Not knowing what’s wrong has been frightening for someone who likes control. Yet there are practical steps I can take to support healing and avoid working against my body.
Here are 4 ways I’m stepping back to move forward for my health:
- Workout Smarter, Not Harder – I’ll cut back on intense cardio and heavy lifting and focus on low-impact movement like yoga, pilates, barre, and gentle walks.
- Relax, Don’t Rush – I’m reclaiming peaceful mornings: reading, listening to music, longer showers, and gratitude practices instead of constant busyness.
- Simplify, Detoxify – I’m leaning on simple, nourishing foods like bone broth, whole fruits and vegetables, plain proteins, and lemon water. I’m also removing potential environmental toxins from cleaning products and fragrances.
- Let Go, Let God – Instead of frantically self-diagnosing, I’m relying on medical guidance and resting in faith. I’ve made the necessary appointments and am learning to surrender control.
STEPPING BACK TO MOVE FORWARD: WITH MY WORK
The health challenges I’ve faced have also highlighted unsustainable patterns in how I run this blog.
I started Fed and Fulfilled while working part-time in a low-stress administrative role. What began as a hobby grew into a full-time commitment. I love the blog, but I let it consume my schedule. I pressured myself to publish two posts per week, which meant recipe development, multiple test runs, elaborate photo shoots, hours of editing, and late dinners. I became a workaholic and neglected self-care and family time.
Why did I put so much pressure on myself? I wanted to replace my paid job quickly and felt I had to push hard. I’m also a perfectionist, which led to spending excessive time polishing posts before publishing. Fear of failure drove me to overwork until blogging stopped being joyful and became controlling.
My health setbacks clarified that I must change how I work to protect long-term goals. I still want to create great recipes and content, but the blog needs to serve me, not the other way around.
Three changes I’m making so work supports my long-term goals:
- Quality Over Quantity – I’ll focus on producing fewer, higher-quality posts instead of rushing to publish many pieces each week.
- Know When to Quit – I will set clear work hours and boundaries so the blog doesn’t bleed into every hour of the day.
- Imperfect Is Okay – I’m releasing perfectionism. The food and life I share are often messy but still meaningful; mistakes don’t negate value.
STEPPING BACK TO MOVE FORWARD: IN MY LIFE

A friend shared a quote that has stayed with me: “Don’t doubt in the darkness what God has proven to be true in the light.” The past year has been dark at times — miscarriage, health challenges, and seasons of doubt. Watching others move forward while I felt stalled intensified feelings of loss and uncertainty.
I’ve historically tied identity to what I do rather than who I am.
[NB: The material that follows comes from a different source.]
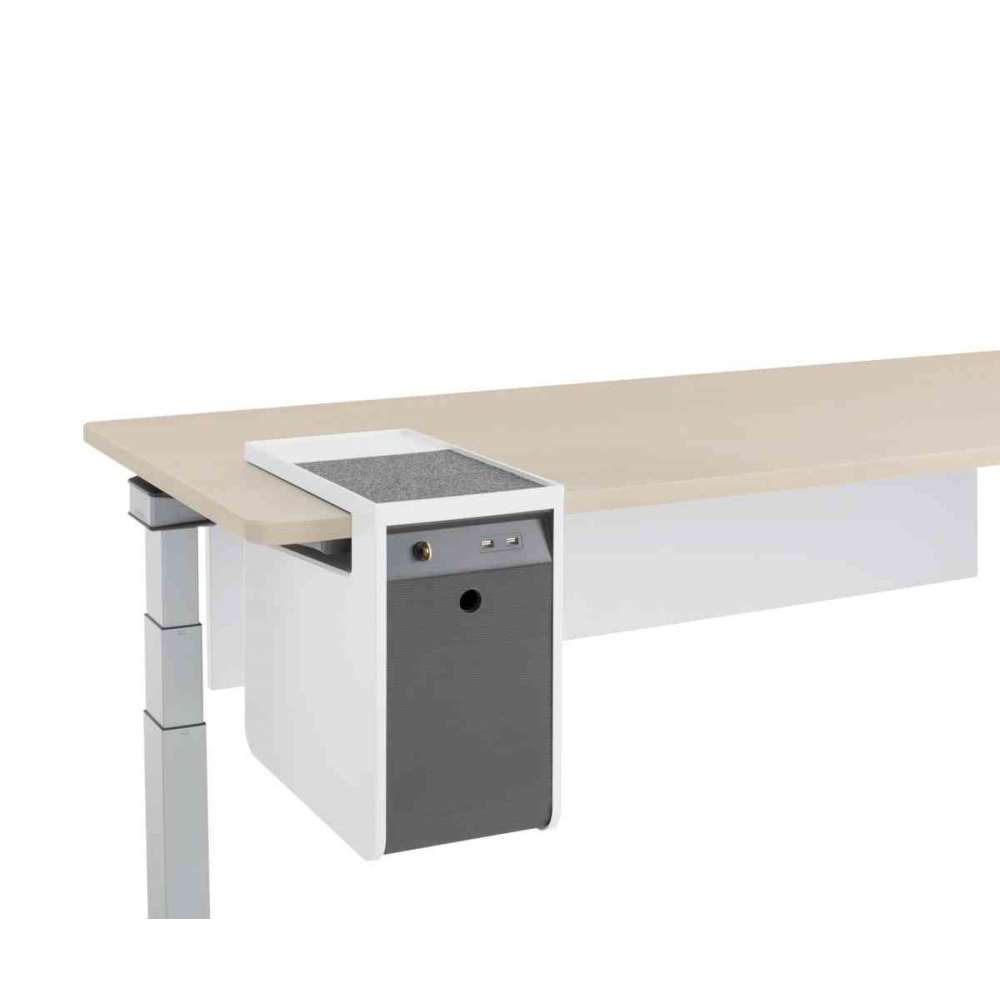 Zmieniają się potrzeby w zakresie przechowywania. Zmniejsza się ilość akt papierowych i fizycznych materiałów referencyjnych, a rośnie liczba technologii osobistych wykorzystywanych w pracy. Konsola osobista zapewnia bezpieczne przechowywanie toreb, laptopów i innych przedmiotów osobistych i zawodowych. Można go montować na powierzchniach roboczych o stałej i stojącej wysokości, a także ma zintegrowane opcje ładowania, dzięki którym mała technologia jest zasilana przez cały dzień.

When plans shifted, I chased new identities in college, jobs, and blogging. Recently, health problems even compromised my blogging identity, leaving me questioning purpose. Yet feelings are not facts. My faith reminds me that identity ultimately rests in Christ, not in roles or accomplishments.
Several frightening health episodes this week forced reflection on life’s brevity and the value of each day. Rather than sink into self-pity, I can choose gratitude and trust that this chapter is not the end of my story.
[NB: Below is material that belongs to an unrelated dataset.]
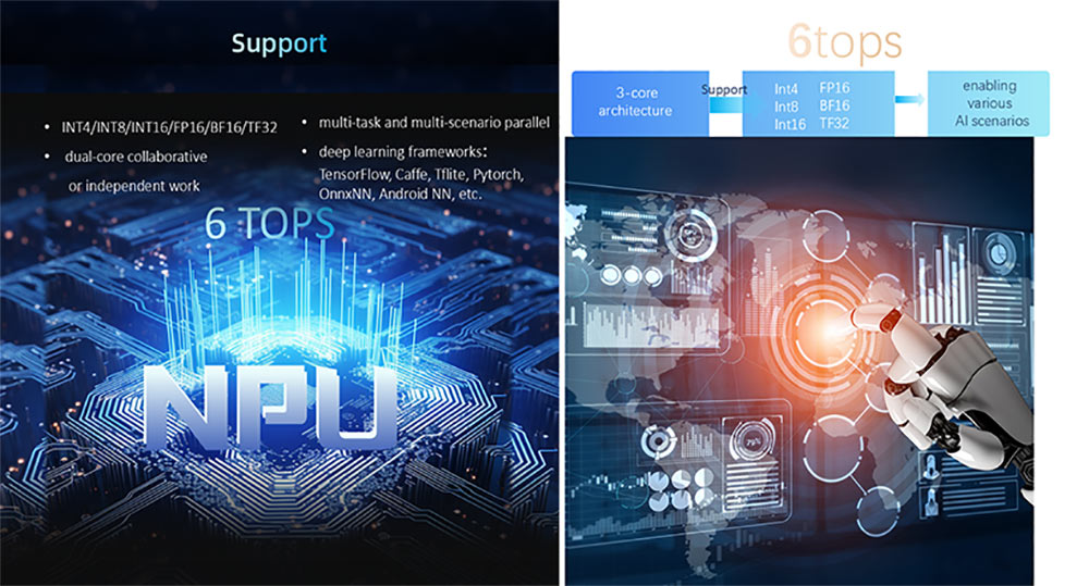 4. Edge AI: Інтегровані 6 топів NPU дозволяють розробникам будувати програми з низькою затримкою AI, таких як системи розпізнавання обличчя та розумні датчики.

Three ways I’m stepping back to move forward in life and faith:
- Practice Patience – I’m learning to wait on God’s timing instead of forcing my own plans and outcomes.
- Be Aware, Don’t Compare – I’ll reduce social media time and invest in real conversations and relationships to stay connected without comparing my journey to others.
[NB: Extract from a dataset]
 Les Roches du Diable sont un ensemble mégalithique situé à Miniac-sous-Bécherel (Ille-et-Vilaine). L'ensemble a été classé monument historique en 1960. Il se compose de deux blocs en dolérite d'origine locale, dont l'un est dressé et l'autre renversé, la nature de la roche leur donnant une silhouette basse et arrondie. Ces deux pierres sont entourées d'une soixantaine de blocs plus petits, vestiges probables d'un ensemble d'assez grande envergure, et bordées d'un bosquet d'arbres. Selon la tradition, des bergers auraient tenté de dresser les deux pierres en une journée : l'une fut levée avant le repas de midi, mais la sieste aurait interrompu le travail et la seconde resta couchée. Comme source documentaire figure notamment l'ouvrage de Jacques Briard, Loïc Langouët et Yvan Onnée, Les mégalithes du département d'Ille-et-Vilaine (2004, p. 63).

- Remember Who You Are – I’m reclaiming my identity as a child of God, which frees me to live purposefully regardless of titles or tasks.
Stepping back isn’t surrendering to defeat; it’s a deliberate act of self-care and realignment. Though this week has been physically and emotionally hard, I believe stepping back will lead to improved health, more sustainable work, and a richer, more faithful life.